By Meghan Schrader
Meghan is an autistic person who is an instructor at E4 Texas at the University of Texas (Austin) and a EPC-USA board member.
Article: Euthanasia for children and bullying (Link).Psychiatric euthanasia is homicide/suicide, full stop. However, lest anyone think I’m judging people who would like to use psychiatric euthanasia as a suicide method, allow me to say that I “get it.”
I’m feeling pretty good/stable now, but allow me to note that psychosis/mania/agitated depression really sucks. In my past these symptoms have included:
- Total inability to eat, drink, take care of myself or respond to my environment in any way,
- The stars on my bedroom ceiling “moving” even when I knew that they were not,
- My clothes turning different colors in the mirror even though I knew that they were not changing color,
- Perceiving a strong odor of death, like there was a rotting corpse in the house,
- Feeling like I should strip off all my clothes and run around in public screaming, even though I had enough self awareness not to do that,
- Paranoia,
- Hearing a voice predicting my torments in Hell and graphic visions of Hell,
- Perceiving that God hates me & that I am going to Hell anyway so I might as well just “end it all.”
- Feeling that I live in a parallel dimension or that there might be a portal to the other dimension in my closet,
- Believing that I am a terrorist,
- Feeling that there were other forces in charge of my body,
- Believing that I was going to be locked up in solitary confinement for the rest of my life,
- Believing that I have murdered people,
- Believing that I have done various other horrible things that my family says I did not do.
I would not wish those experiences on Osama bin Laden.
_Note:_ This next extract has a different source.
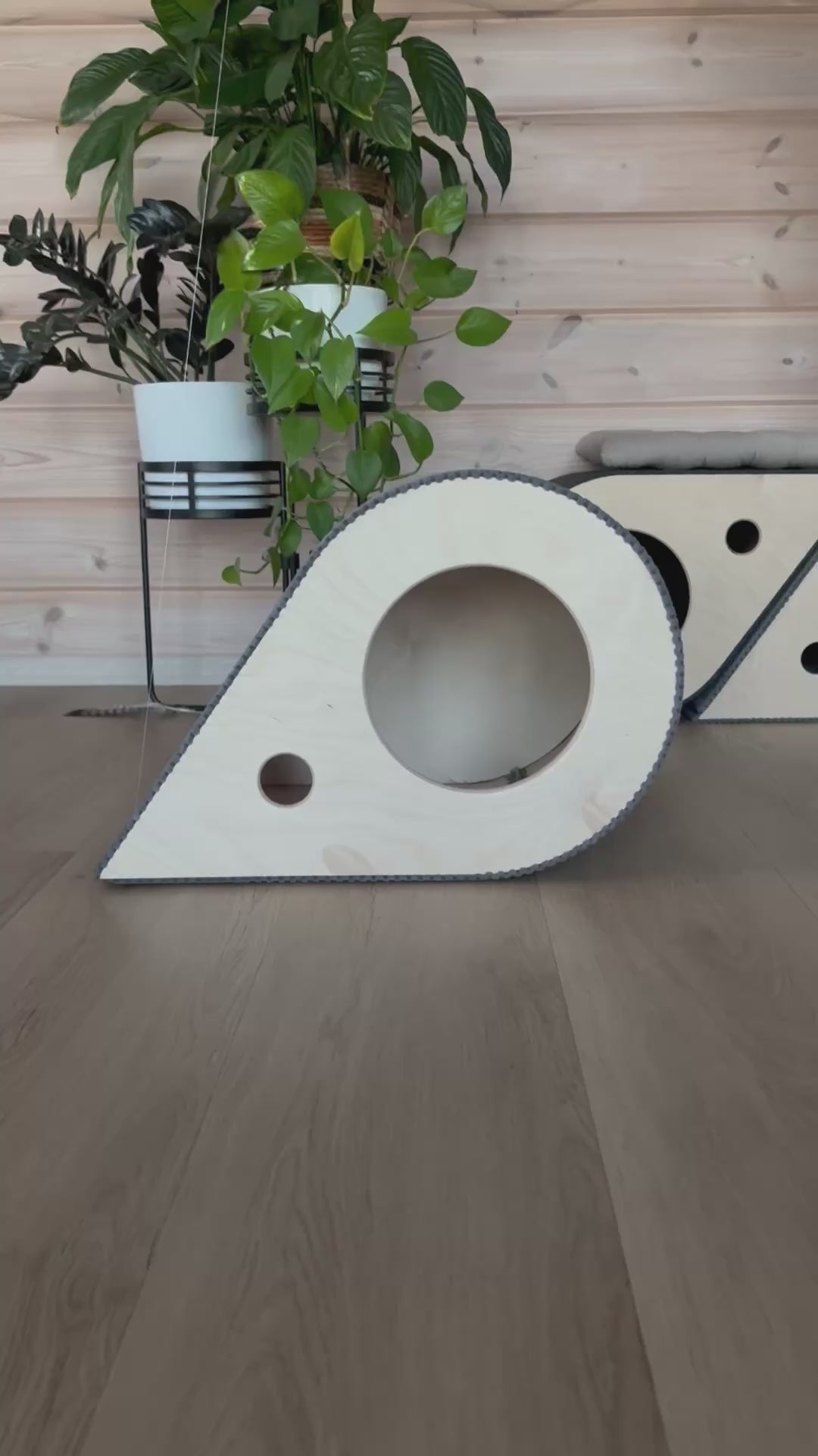 MIAUDROP - designerski domek 2w1: kryjówka + drapak. Ręcznie wykonany w Polsce ze sklejki, wykończony trwałą tkaniną drapakową.

I completely understand why someone prone to experiencing something like that who can feel themselves sliding into another episode would reason, “Hey, you know what? Yes, shoot me up with poisonous chemicals. Stop the planet; I want off!”
The problem with this approach is that giving some people what they may want causes human rights abuses for other people. For instance, MAiD providers are arguing that it’s possible to assess the competency of mentally ill and intellectually disabled people under guardianship. Do the proponents really believe that this policy won’t lead to situations where consent for euthanasia is grey, or is never given?
Another disturbing recommendation is that people confined to psychiatric institutions for six months should be assessed for MAiD. Do the proponents not understand how easy it would be to push psychiatric patients in that direction? And of course people in those places want to leave any way they can, and would consent to euthanasia just to get the heck out of there. Is it really just to put people with psychiatric problems in that position so that other people can use euthanasia to stop their suffering? I don’t think that it is.
That doesn’t mean that we can’t do other things to empower and support people who are living with severe mental illnesses. We can streamline the process of providing support for people with mental illnesses who are living on their own, such as via Assertive Community Treatment programs. We can provide tools for people with various disabilities to have other empowering forms of autonomy, like access to education, employment, housing and peer support. We can improve the depiction of disabled people in popular culture, so that disabled people have empowering models to imitate. We can teach our disabled children about disability history, so that they can grow up knowing that they are members of a community that has successfully fought oppression many times. But, as things stand now, euthanasia is an ugly consequence of the disabled community’s fourth class citizenship.
1 comment:
I would call all the various assisted suicide groups MURDER INCORPORATED. We are living in the devil’s playground where evil is now called ‘good’ and good is called ‘evil’.
But there will be consequences for evil-doers.